# Logic and view separation but the view is generated by the logic

We are working on a simple turn-based card game. We would like to implement it using a design which let us create additional "monsters" and "events" later on (so the code should be flexible).

Also, we would like to separate the actual logic (who does what) from the presentation (view/rendering) so we could write a different renderer whenever we want (Unity, WPF, etc.)

This game is already playable on paper (we have a table, figures, cards, etc.) but we would like to speed up some things (for example the battle). And this would be a learning project. This is the reason why we would like to implement it in a nice way (instead of just "hacking" things together).

The main concept of the MVC pattern is to have the model, controller and view separated. In a fully-separated design the view can display the model by asking the controller to give some data. The view can also ask the controller to modify the model based on its input. However the controller has no knowledge about the view.

Our problem is that we would like to "generate the view" based on the "controller" (action).
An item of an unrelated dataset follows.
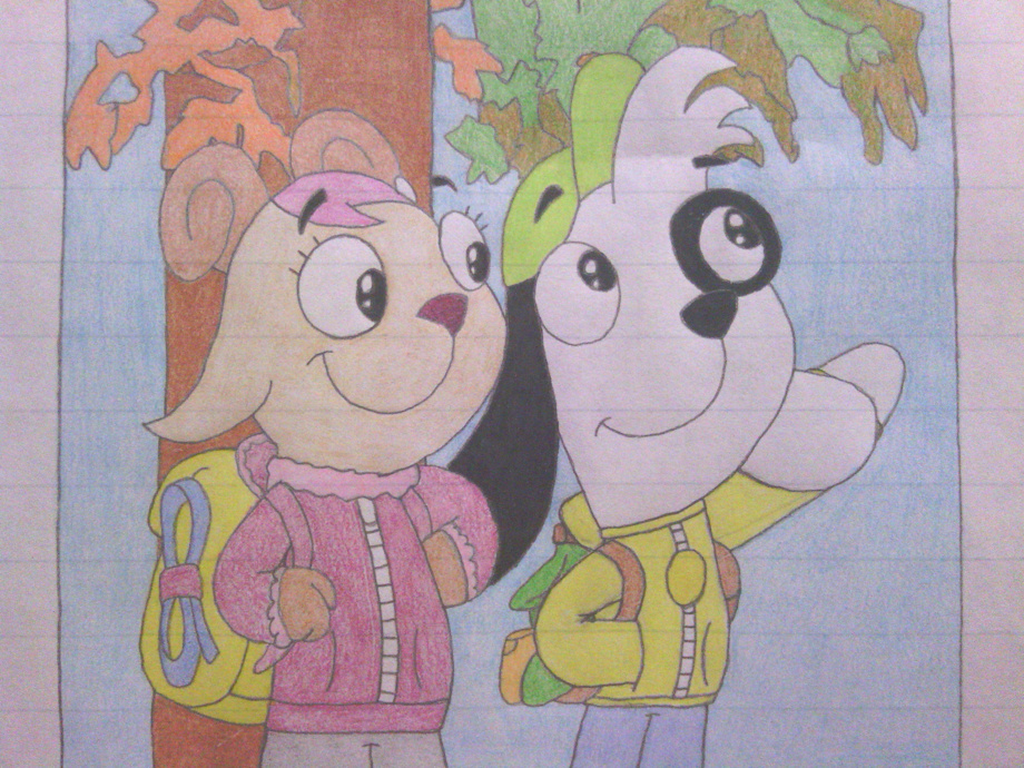 Well, here is a new drawing! Im FINALLY starting to get somewhat back into business in drawing!! God all mighty it's about time lol. I can't say Im completely back, but Im getting there :) So a few weeks ago, I got into a cartoon show called "Doki". And Doki became one of my ALL TIME favorite characters.... :) Seriously, he's such a cute character! And so Ive been learning about the characters, the show, and other info. And when I first saw Gabi and Doki together, I immediately thought to myself: One true pairing...... Now, that's just what I think. There might be others who know about this show, and ship Gabi with someone else. But, like I ship Nutsy with Shifty Dingo, I ship Gabi with Doki. So ANYWAY, back to the drawing: So, I pretty much made this drawing as a Autumn themed couple moment. And yes, this is MY FIRST TIME drawing Doki and Gabi! So for a first time, I think I did pretty well :) The background I don't think looks the best considering the reference pic I used. So, I kinda did the little "Frame" effect to the drawing. And I am NOT that good at drawing leaves ^^; So, bare with me lol. But then again, that could just be me, and the drawing probably is perfectly fine lol. What do you think?? Hope you like it and thank you for viewing! :) I'll hopefully be drawing more frequently soon!!
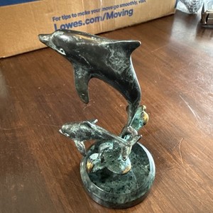 Bronze Dolphin And Baby Sculpture On Marble Base SPI San Pacific International

This might sound a little wierd but let me give you some examples:

In this game we have some special "event cards" and these are doing different things when the player meets with them. For example the "Wise" gives the player x gold based on a roll OR it gives the player his treasure if he has any. Since we are not storing the actual map in this program (we are playing on a physical table) the GM (Game Master) must choose the operation based on the current state of the game. This means that when the GM selects the "Wise" there should be two buttons, like "Give treasure" and "Give gold". This is when the controller/model/action defines the view.

Something like this:

1. GM selects the player
2. The player makes some action in real-life
3. When the player enters a zone where an "event card" can be found, the GM selects the right "event card" on his tablet (for example)
4. Then the selected event card defines the possible actions which defines the view (since the GM has to press some buttons)
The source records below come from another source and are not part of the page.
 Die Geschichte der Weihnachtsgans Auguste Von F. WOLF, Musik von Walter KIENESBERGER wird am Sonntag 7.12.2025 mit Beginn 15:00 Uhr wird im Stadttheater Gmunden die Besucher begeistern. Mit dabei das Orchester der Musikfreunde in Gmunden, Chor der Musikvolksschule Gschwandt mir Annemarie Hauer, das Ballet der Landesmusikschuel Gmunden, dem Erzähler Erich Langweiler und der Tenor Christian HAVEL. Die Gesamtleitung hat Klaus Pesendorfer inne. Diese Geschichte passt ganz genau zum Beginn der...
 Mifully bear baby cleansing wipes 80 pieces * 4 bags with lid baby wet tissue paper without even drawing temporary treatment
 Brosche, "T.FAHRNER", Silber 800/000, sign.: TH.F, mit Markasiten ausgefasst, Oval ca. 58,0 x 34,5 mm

It is not important that if we are generating the view (using a layout and filling it with text and buttons) or if we are creating the views by hand. The main problem is that we don't know how to "glue" them together. When the GM selects an event card, which view should we generate? Which button should execute which action? Sometimes a specific action requires another view to be shown. This seems like a hard coupling between the logic and the view.
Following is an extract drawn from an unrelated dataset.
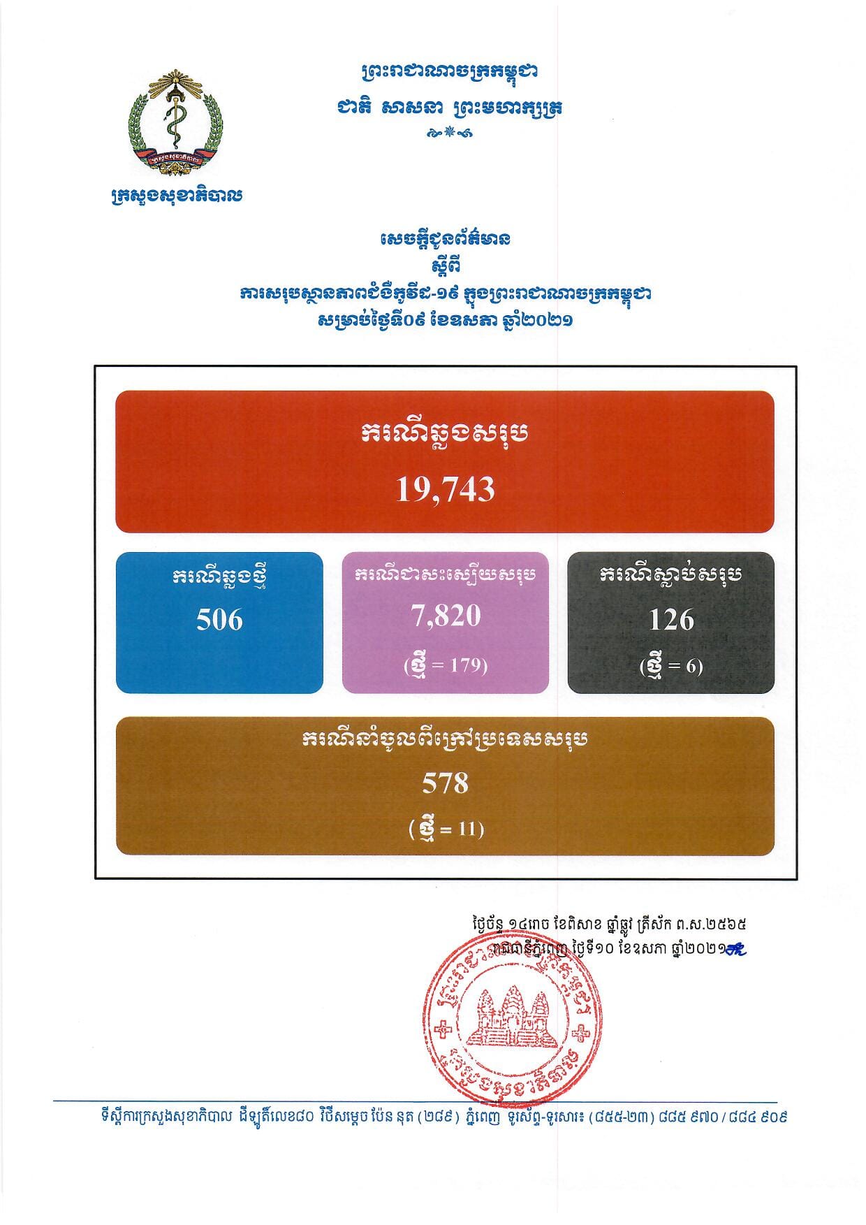 នៅថ្ងៃទី១០ ខែឧសភា ឆ្នាំ២០២១នេះ ក្រសួងសុខាភិបាលកម្ពុជា បានចេញសេចក្តីជូនដំណឹងពី ការរកឃើញករណីវិជ្ជមានវីរុសកូវីដ១៩ថ្មី ចំនួន ៥០៦នាក់ ខណៈអ្នកបានជាសះស្បើយថ្មីមានចំនួន ១៧៩នាក់ និងបាត់បង់ជីវិត ៦នាក់ទៀត ក្នុងនោះមានករណីនាំចូល១១នាក់ផងដែរ៕

Here is a mini code-snippet (note this is not the actual code, it's just an example).

interface IEventCard
{
void Selected();
}

class Wise : IEventCard
{
void Selected()
{
}
}

class GameManager
{
IList<IEventCard> cards;

void Initialize()
{
// create cards
cards = new List<IEventCard>();
// ...
}

// called from the UI
void Select(int id)
{
IEventCard card = cards[id];
card.Selected();

// it should open a view
// the view should be populated with:
// - the name and description of the event card
// - buttons that execute the corresponding action
// some of these actions should open another views
// for example the "give treasure" action should open the "inventory screen" which lets the GM select the item
// or the "give gold" action should open a "roll the dice" window first to determine how much gold the player should get
// etc.
}
}


Sorry if it's hard to understand my description, I've tried to explain things as short as possible. We would appreciate if you could give us some tips, preferable some code snippets.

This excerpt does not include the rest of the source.